The camera can do all that because, really, Ralph is more than just a camera—anything you send up into space to take photos of a freezing-cold, never-before-seen space rock will have to raise the engineering and design bar a bit. Though it takes light through a single hole, Ralph is essentially two cameras. A beam splitter sends half the incoming photons to an infrared imager called LEISA, and the other rest to a seven-band imager called MVIC. The two are an odd couple: LEISA long and narrow; MVIC short and wide. LEISA collects a single band of infrared energy, and primarily looks for temperature variations, though it also helps MVIC gather data on the Plutonian ground and air.
MVIC is what Ralph’s makers call a ‘pushbroom detector,’ meaning it gathers up a wide swath of data. It cobbles together color pictures from multiple light bands: Red and blue, a near-infrared for detecting methane, and black-and-white. By splicing different layers together, analysts can get more detail and more information out of the images than they could get from individual detectors. MVIC also has what’s called a panchromatic band that it uses for backup navigation. “It’s visual, so we can pick out points in space and measure where we are relative to them and relative to Pluto, and adjust course from there,” says Lisa Hardaway, an engineer at Ball Aerospace and systems manager for Ralph.
Yes, Ball Aerospace is part of the same Ball that makes mason jars, and it built a state of the art camera that is on a probe that is currently spitting distance from the edge of the solar system. And though it’s a decade old, it’s one of the most sophisticated cameras in existence. (Or at least until we find out for certain that ETs are shutterbugs.)

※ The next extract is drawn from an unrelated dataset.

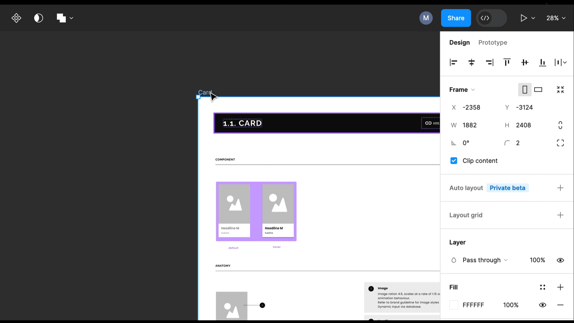 Фреймы можно помещать внутрь секций. Например, вы можете добавить в секцию фрейм с экземпляром компонента и использовать его для демонстрации поведения кнопки: чтобы запустить предварительный просмотр прототипа прямо внутри файла, нажмите Shift + пробел 💥.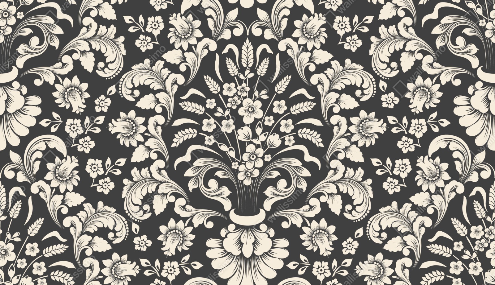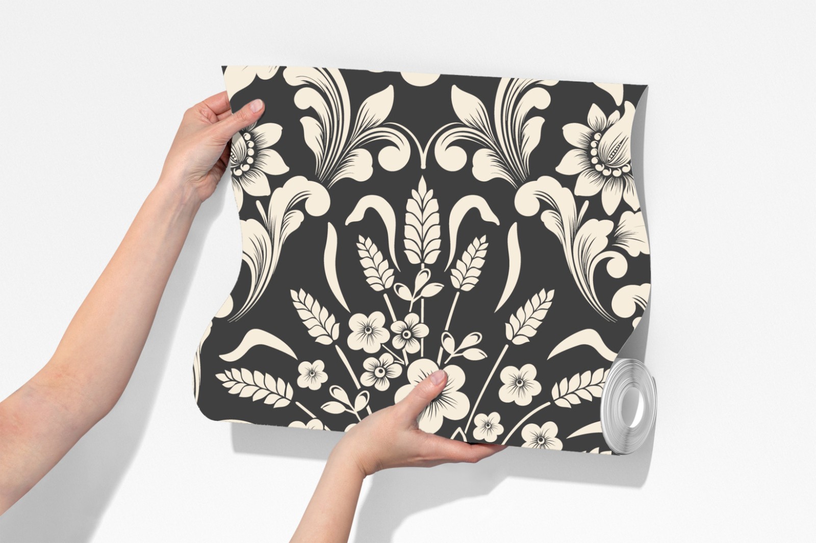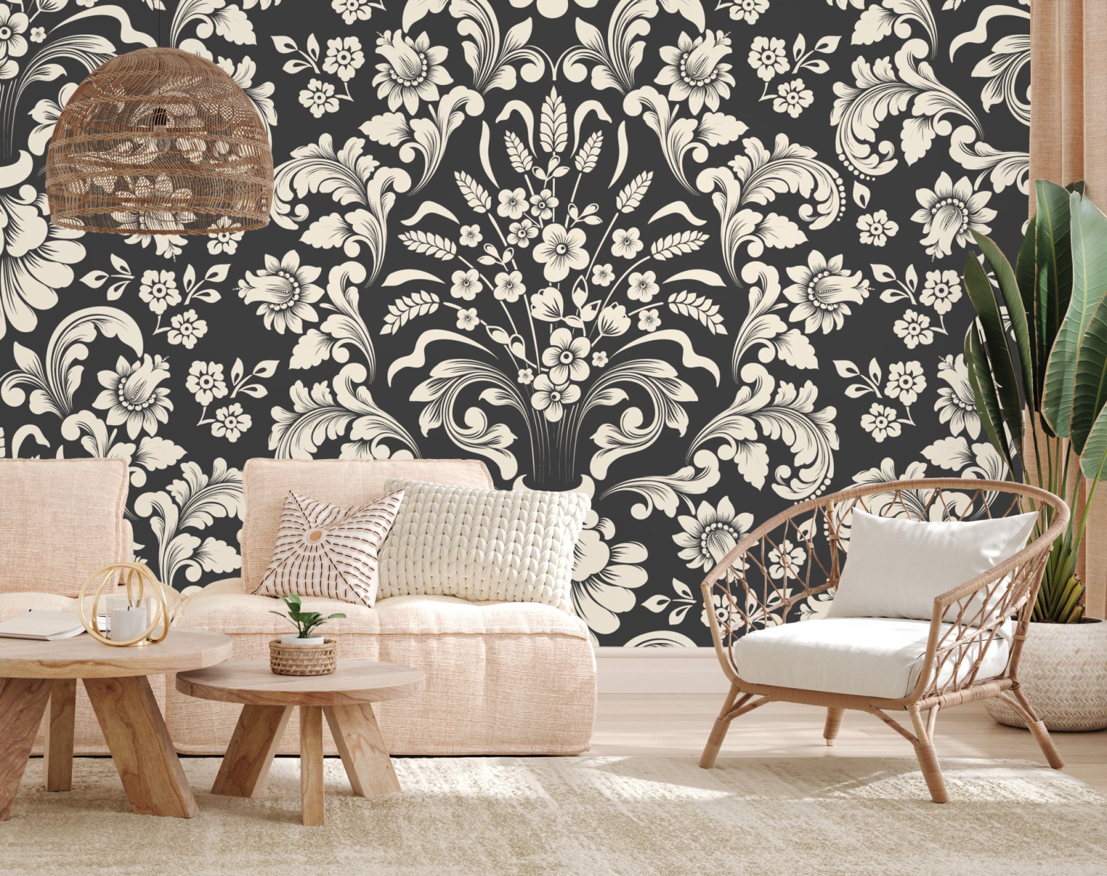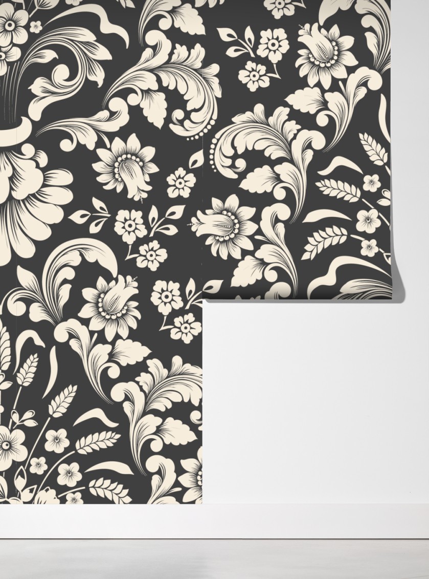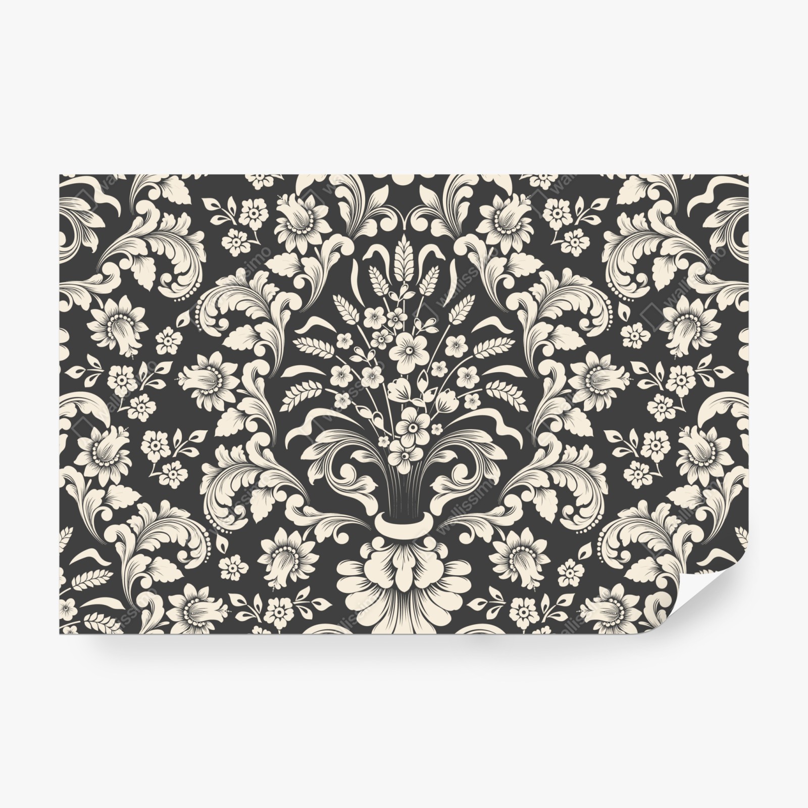 Dodaj swojemu wnętrzu ponadczasową elegancję dzięki kremowo-czarnemu, kwiatowemu wzorowi damask, idealnemu do salonu lub sypialni.

Consider that the camera had to travel nearly ten years and 2.9 billion miles through harsh space. Time and distance alone put huge stress on electronics, so Ralph had to be built to last. Hardaway and her team had to use ultralight, ultratough components that don’t use a lot of energy or generate a lot of heat. Altogether, Ralph runs on about the same amount of energy as a small desk lamp. “This is why aerospace missions are so expensive, because the components are so much better,” she says.
Consider also that space is incredibly cold. Some of Ralph’s parts could work in absolute zero, while others needed room temperature warmth—in particular the electronics, which Hardaway and Co. wrapped in insulating aluminum blankets so they could act as their own heat source. And while space is cold, it’s not uniformly so, and objects traveling through it shrink and expand as the temperature fluctuates. In a camera, this is a particularly vexing problem, because parts that shrink or expand at different rates can mess up the ability to take pictures. Ralph’s cameras are all made from aluminum, so they change shape at the same rate—and the focal length never really changes.
Finally, consider that high noon on Pluto is about as bright as dusk on earth. “We had to design a telescope lens to work in that kind of condition,” says Hardaway. But a camera meant for Earth dusk would burn out in Earth noon. Which led to Ralph’s only moving part: A hinged lens cover. Out of everything, the only improvement Hardaway would make if she were building Ralph today would be a smaller, lighter solid state drive—it’s just that the best high-capacity versions weren’t available when New Horizons launched in 2006.
Now, Ralph is only one of New Horizon’s three cameras. Alice is Ralph’s companion (The Honeymooners, get it?), and will measure Pluto’s atmosphere (whatever it may be) with ultraviolet rays. And LORRI uses a telescope lens to take the long distance images that we ooh and ahh over on Earth and that NASA scientists use to fine tune New Horizon’s flight path. Besides those, the Prius-sized probe has a pair of particle detectors, a sensor for space dust, and a chip for radio emissions.